Number of points for show posts created during each hour:
{'00': 4291, '23': 5060, '20': 6948, '19': 8928, '18': 9935, '16': 11487, '14': 10503, '10': 4303, '09': 3762, '08': 4640, '06': 3071, '03': 2168, '21': 5990, '17': 10563, '15': 11657, '11': 7742, '07': 3303, '04': 2707, '13': 10381, '12': 10787, '01': 2931, '22': 5026, '02': 2764, '05': 1834}


In [29]:
# Ask posts

# Calculate average number of points for posts created during each hour
avg_ask_by_hour = []

for hour in points_ask_by_hour:
    avg = points_ask_by_hour[hour] / counts_ask_by_hour[hour]
    avg_ask_by_hour.append([hour, avg])

# Swap the row to sort by average number of points
swap_avg_ask_by_hour = []

for row in range(len(avg_ask_by_hour)):
    swap = avg_ask_by_hour[row][1], avg_ask_by_hour[row][0]
    swap_avg_ask_by_hour.append(swap)

sorted_swap_ask = sorted(swap_avg_ask_by_hour, reverse=True)

# Show Top 5 result
print("Top 5 hours for Ask HN comments (on average):")
for row in sorted_swap_ask[0:5]:
    dt_hour = row[1]
    hour_format = "%H"
    dt_hour1 = dt.datetime.strptime(dt_hour, hour_format)
    dt_hour2 = dt.datetime.strftime(dt_hour1, "%H:00")
    print(f"{dt_hour2} >> {row[0]:,.2f} points per post")

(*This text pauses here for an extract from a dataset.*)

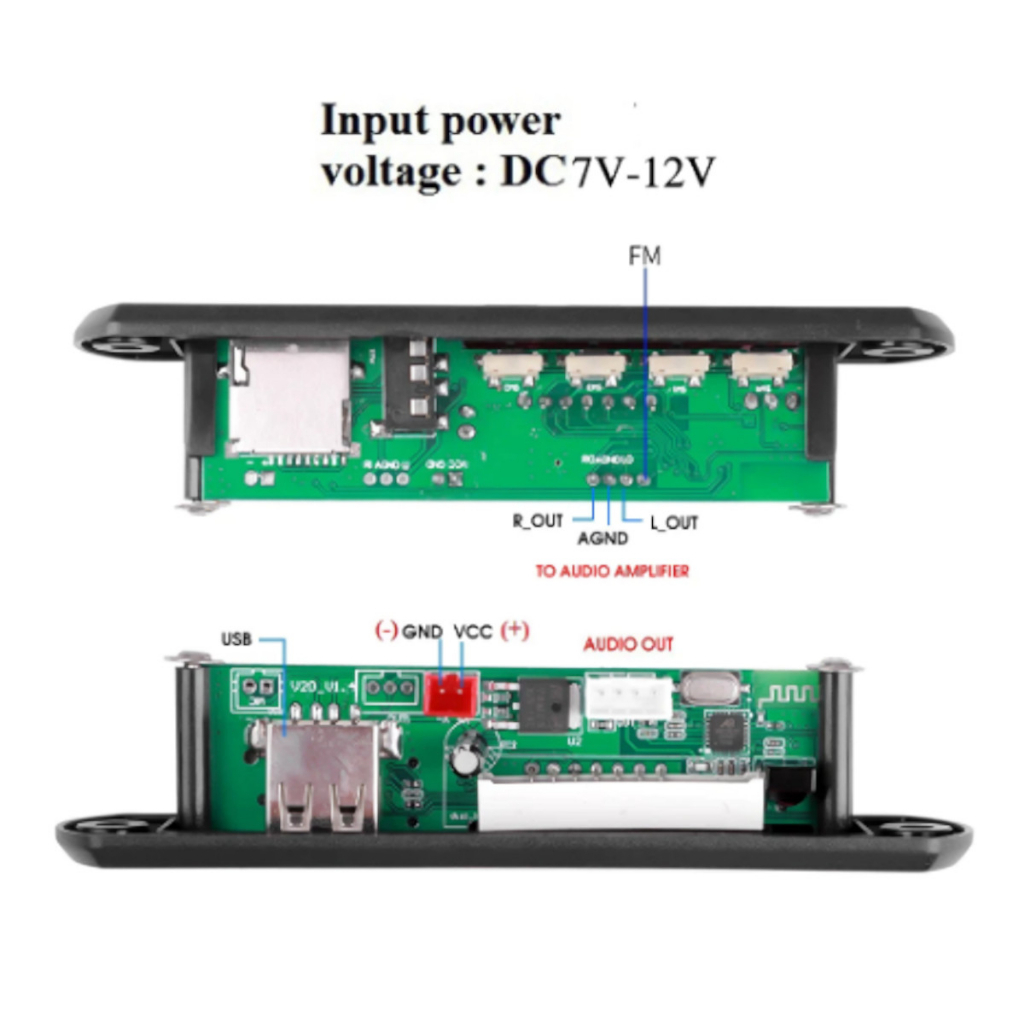 Placa Decodificadora Sem Fio Bluetooth 5.0 DC 12V MP3 WMA Módulo De Áudio USB TF Rádio

Top 5 hours for Ask HN points (on average):
15:00 >> 21.64 points per post
13:00 >> 17.93 points per post
12:00 >> 13.58 points per post
10:00 >> 13.44 points per post
17:00 >> 12.19 points per post


In [30]:
# Show posts

# Calculate average number of points for posts created during each hour
avg_show_by_hour = []

for hour in points_show_by_hour:
    avg = points_show_by_hour[hour] / counts_show_by_hour[hour]
    avg_show_by_hour.append([hour, avg])

# Swap the row to sort by average number of points
swap_avg_show_by_hour = []

for row in range(len(avg_show_by_hour)):
    swap = avg_show_by_hour[row][1], avg_show_by_hour[row][0]
    swap_avg_show_by_hour.append(swap)

sorted_swap_show = sorted(swap_avg_show_by_hour, reverse=True)

# Show Top 5 result
print("Top 5 hours for Show HN points (on average):")
for row in sorted_swap_show[0:5]:
    dt_hour = row[1]
    hour_format = "%H"
    dt_hour1 = dt.datetime.strptime(dt_hour, hour_format)
    dt_hour2 = dt.datetime.strftime(dt_hour1, "%H:00")
    print(f"{dt_hour2} >> {row[0]:,.2f} points per post")

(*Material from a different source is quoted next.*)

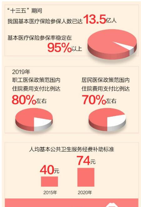 基本医疗保障网越织越密,村民的看病负担越来越轻。“十三五”期间,我国基本医疗保险参保人数已达13.5亿人,参保率稳定在95%以上。2019年职工医保和居民医保政策范围内住院费用支付比例分别达到80%左右和70%左右。

Top 5 hours for Show HN points (on average):
12:00 >> 20.91 points per post
11:00 >> 19.26 points per post
13:00 >> 17.02 points per post
19:00 >> 16.06 points per post
06:00 >> 15.99 points per post


Per our results above, *Ask HN* posts created during 15:00hrs (EST) received more points on average. This is aligned with our result for comments. On the other hand, *Show HN* posts created during 12.00hrs received slightly more points than posts created during 11.00hrs.